Deve haver algo de estranhamente sagrado no sal,
Uma vez que ele está nas nossas lágrimas e no mar

Kahlil Gibran


O sol vislumbrava-se lá onde o mar acaba, o mundo finda na sua imensidão e o céu se funde com o todo terreno, em tons de laranja e rosa com laivos de azul. Os tons dum final de tarde de Inverno, um idílico cenário digno de um qualquer quadro impressionista de Gauguin ou Monet, onde as cores se heterogenisam num colorido alegre e quente. Naquela que era uma tarde dilacerada pelo vento gelado. Para oriente algumas estrelas já observavam o mundo do alto da sua infinitude. O céu a Este estava de um azul forte total.
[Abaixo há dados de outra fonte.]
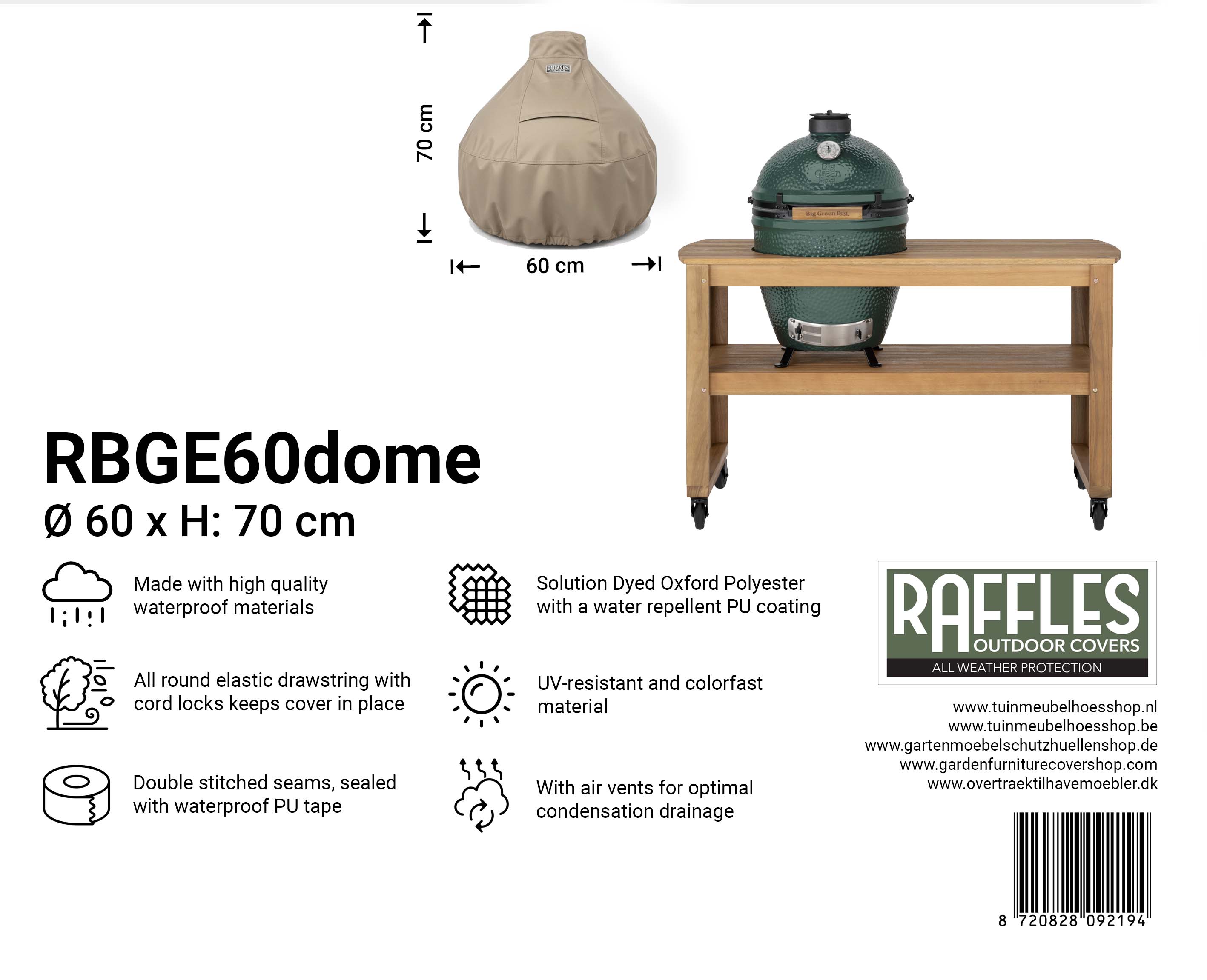 Product specificaties "Raffles Covers Kamado Hoes voor Big Green Egg & Kamado BBQ’s"

Eu e Cássio, estávamos sentados no cimo da carrinha, no local onde costumavam viajar as pranchas, virados na direcção do mar observando aquele quadro dinâmico, de movimentos lentos e pautados pelo ritmo do tempo real, essa invenção do homem. Voltáramos a S. Torpes, almoçámos no Trinca Espinhas, o restaurante que ficava em frente à praia de, e ao fim da tarde aproveitáramos a maré vazia para surfar mais algumas ondas. Tínhamos apanhado umas quantas esquerdas perfeitas um pouco mais a sul do restaurante, naquele que foi um festim de tubos perfeitos.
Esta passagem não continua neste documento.